January 2019. Reading Time: 10 Minutes. Author: Nicolas Rabener.


  • 2018 was negative for classic multi-factor portfolios
  • Low Volatility generated the best and Value the worst performance
  • Factor performance was homogenous across global markets


We present the performance of five well-known factors on an annual basis for the last 10 years, including 2018. We only present factors where academic research highlights positive excess returns across market cycles. Other factors like Growth might be widely-followed investment styles, but lack academic support and are therefore excluded (read Factor Olympics Q3 2018).


The factors are created by constructing long-short beta-neutral portfolios of the top and bottom 10% of stocks in the US, Europe and Japan, and 20% in smaller markets. Only stocks with a minimum market capitalisation of $1 billion are included. Portfolios rebalance monthly and transactions incur 10 basis points of costs.

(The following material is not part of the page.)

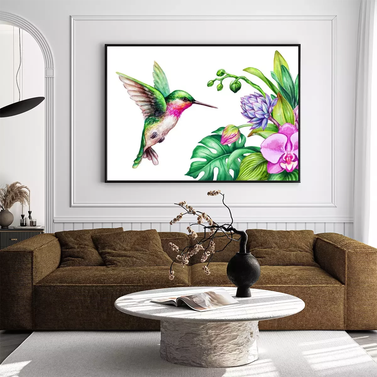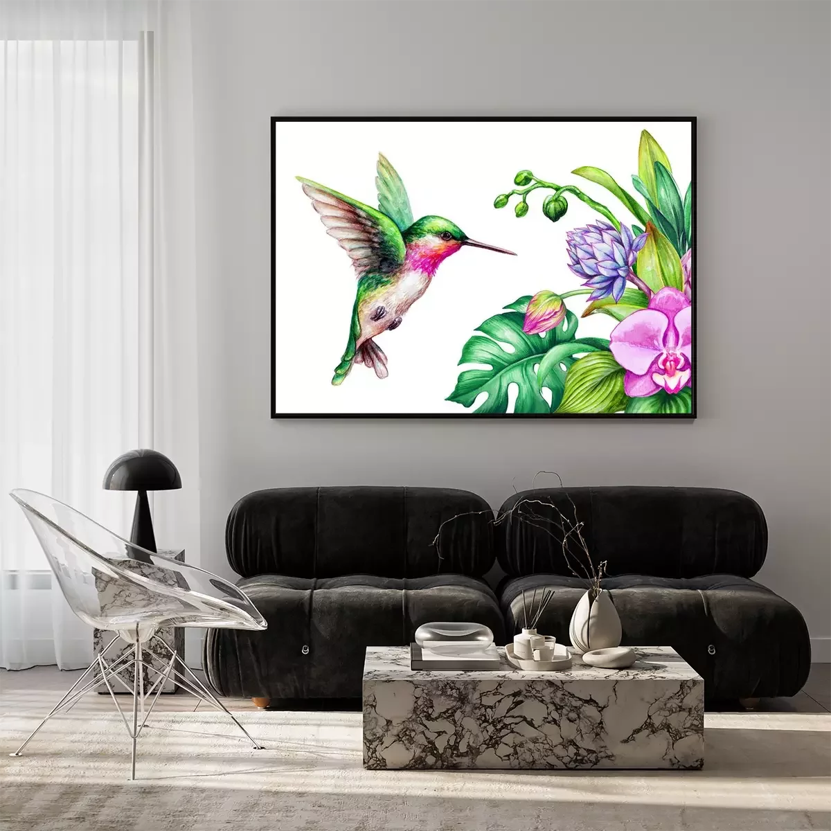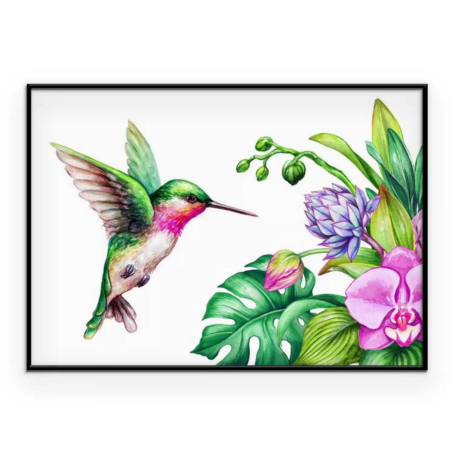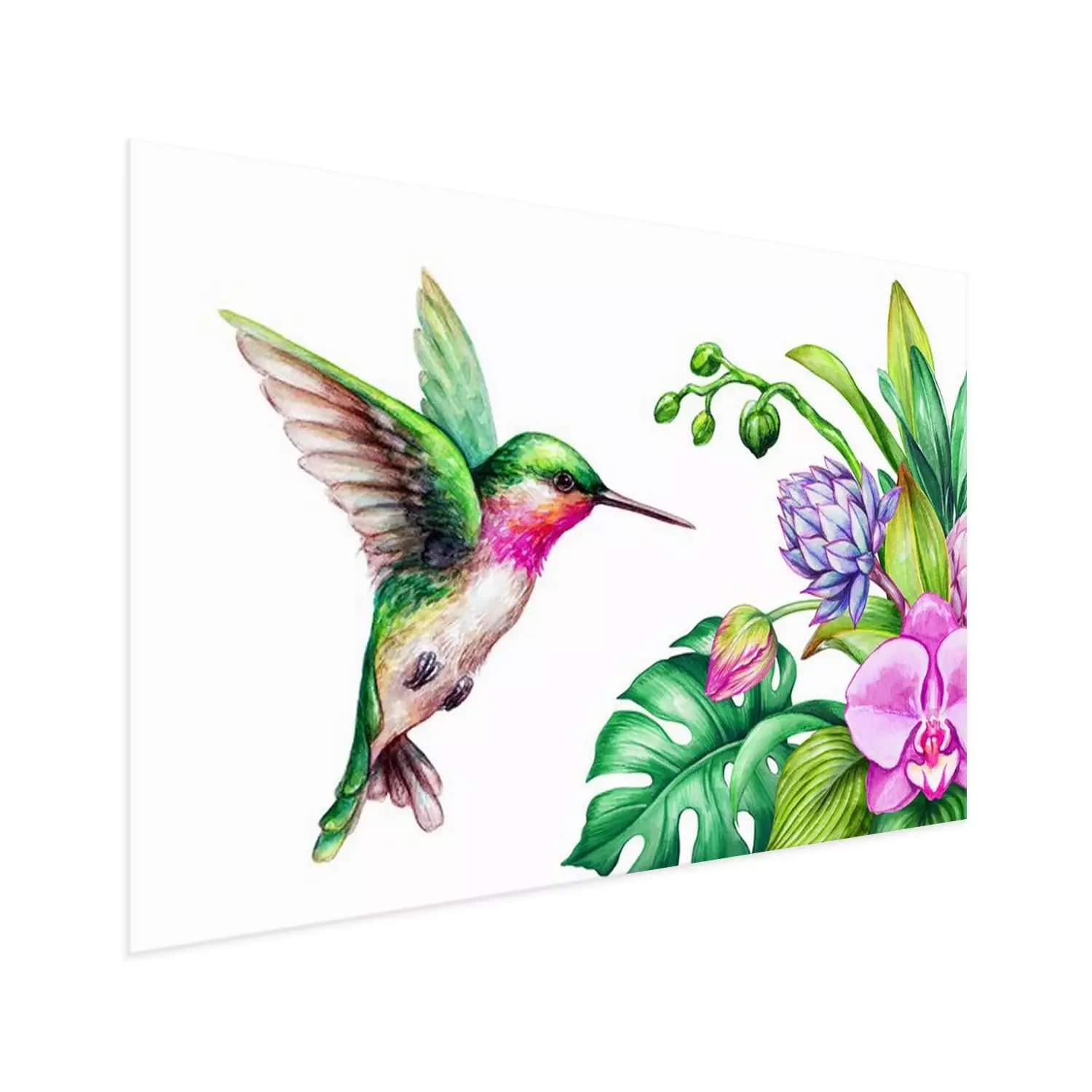 Poster : Orchidee in een boeket en een kleurrijke kolibrie

The table below shows the long-short factor performance for the last 10 years ranked top to bottom. The global series is comprised of all developed markets in Asia, Europe, and the US. Aside from displaying the factor performance, the analysis highlights the significant factor rotation in terms of profitability from one year to the next.

The year 2018 can be characterized as unusual as classic multi-factor portfolios were negative, which happens rarely. Most multi-factor smart beta ETFs or funds feature a combination of Value, Momentum, Quality, and Size. Out of those four factors, only Quality was positive.